- Opening Delimiter -
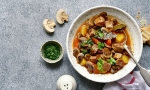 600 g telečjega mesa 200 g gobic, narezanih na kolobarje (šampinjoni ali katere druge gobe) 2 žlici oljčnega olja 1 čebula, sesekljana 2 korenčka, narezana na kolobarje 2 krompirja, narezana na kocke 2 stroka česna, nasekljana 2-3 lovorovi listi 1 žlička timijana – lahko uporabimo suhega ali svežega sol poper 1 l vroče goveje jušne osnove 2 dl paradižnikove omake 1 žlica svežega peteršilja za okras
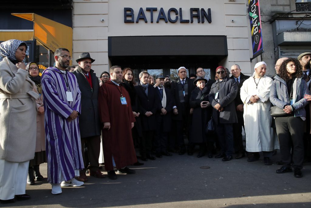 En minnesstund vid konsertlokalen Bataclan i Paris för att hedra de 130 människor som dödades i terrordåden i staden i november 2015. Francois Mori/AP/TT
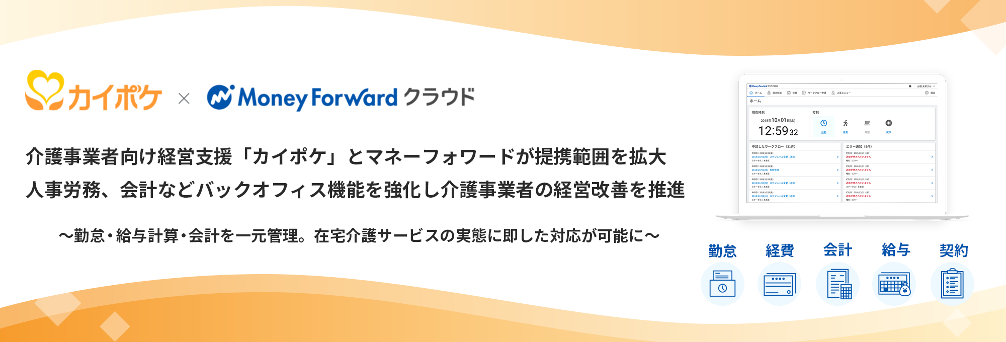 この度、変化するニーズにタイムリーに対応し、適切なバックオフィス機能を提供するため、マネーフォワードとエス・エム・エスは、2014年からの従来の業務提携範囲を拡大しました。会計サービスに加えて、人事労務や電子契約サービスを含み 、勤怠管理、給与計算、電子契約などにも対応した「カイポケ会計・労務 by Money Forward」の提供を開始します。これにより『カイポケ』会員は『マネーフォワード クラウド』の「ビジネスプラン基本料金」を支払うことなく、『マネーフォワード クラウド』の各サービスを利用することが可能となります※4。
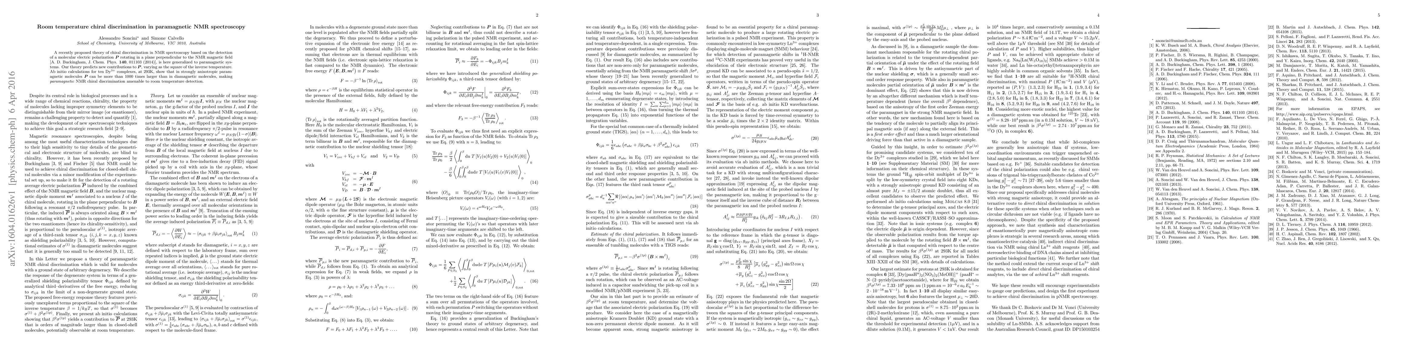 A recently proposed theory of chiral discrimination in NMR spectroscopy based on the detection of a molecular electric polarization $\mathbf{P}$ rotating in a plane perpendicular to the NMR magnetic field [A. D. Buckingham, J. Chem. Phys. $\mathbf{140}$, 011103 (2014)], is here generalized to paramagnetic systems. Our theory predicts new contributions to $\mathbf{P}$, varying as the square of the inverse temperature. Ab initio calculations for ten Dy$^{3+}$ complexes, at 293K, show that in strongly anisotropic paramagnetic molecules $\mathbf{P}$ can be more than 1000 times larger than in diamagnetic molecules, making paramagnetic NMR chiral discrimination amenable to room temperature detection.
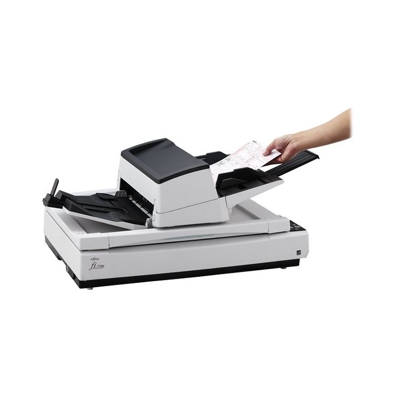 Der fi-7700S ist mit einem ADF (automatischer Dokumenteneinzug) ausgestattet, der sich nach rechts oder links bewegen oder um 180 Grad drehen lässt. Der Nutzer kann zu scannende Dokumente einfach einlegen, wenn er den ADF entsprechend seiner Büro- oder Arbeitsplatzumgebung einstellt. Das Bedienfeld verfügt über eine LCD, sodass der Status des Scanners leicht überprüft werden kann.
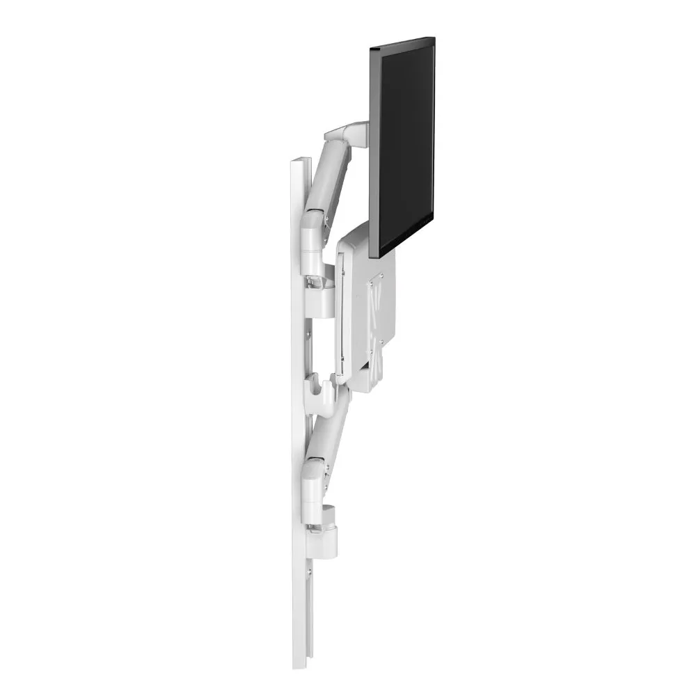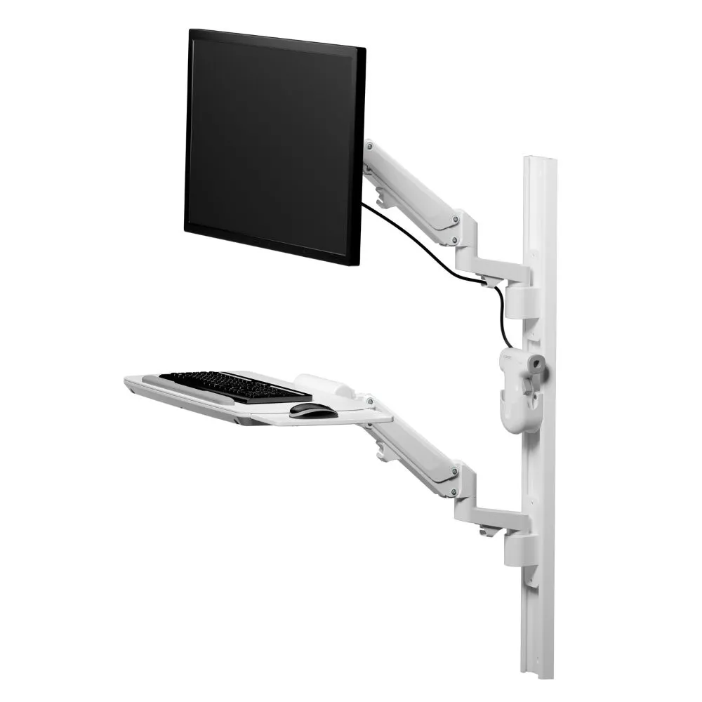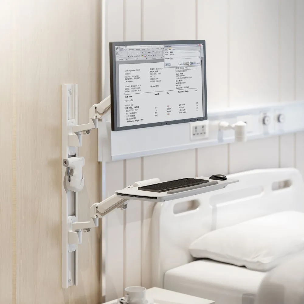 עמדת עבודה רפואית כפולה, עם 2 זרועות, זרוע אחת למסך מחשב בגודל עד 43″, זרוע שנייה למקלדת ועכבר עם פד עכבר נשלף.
- Closing Delimiter -
**Exercise description**: Give back, word for word, the lines from the one with "by Money Forward」の提供を開始します。これにより『カイポケ』会員は『マネーフォワード" to the end of the records above, and no pictures.

**Result below**:
 この度、変化するニーズにタイムリーに対応し、適切なバックオフィス機能を提供するため、マネーフォワードとエス・エム・エスは、2014年からの従来の業務提携範囲を拡大しました。会計サービスに加えて、人事労務や電子契約サービスを含み 、勤怠管理、給与計算、電子契約などにも対応した「カイポケ会計・労務 by Money Forward」の提供を開始します。これにより『カイポケ』会員は『マネーフォワード クラウド』の「ビジネスプラン基本料金」を支払うことなく、『マネーフォワード クラウド』の各サービスを利用することが可能となります※4。
 A recently proposed theory of chiral discrimination in NMR spectroscopy based on the detection of a molecular electric polarization $\mathbf{P}$ rotating in a plane perpendicular to the NMR magnetic field [A. D. Buckingham, J. Chem. Phys. $\mathbf{140}$, 011103 (2014)], is here generalized to paramagnetic systems. Our theory predicts new contributions to $\mathbf{P}$, varying as the square of the inverse temperature. Ab initio calculations for ten Dy$^{3+}$ complexes, at 293K, show that in strongly anisotropic paramagnetic molecules $\mathbf{P}$ can be more than 1000 times larger than in diamagnetic molecules, making paramagnetic NMR chiral discrimination amenable to room temperature detection.
 Der fi-7700S ist mit einem ADF (automatischer Dokumenteneinzug) ausgestattet, der sich nach rechts oder links bewegen oder um 180 Grad drehen lässt. Der Nutzer kann zu scannende Dokumente einfach einlegen, wenn er den ADF entsprechend seiner Büro- oder Arbeitsplatzumgebung einstellt. Das Bedienfeld verfügt über eine LCD, sodass der Status des Scanners leicht überprüft werden kann.
 עמדת עבודה רפואית כפולה, עם 2 זרועות, זרוע אחת למסך מחשב בגודל עד 43″, זרוע שנייה למקלדת ועכבר עם פד עכבר נשלף.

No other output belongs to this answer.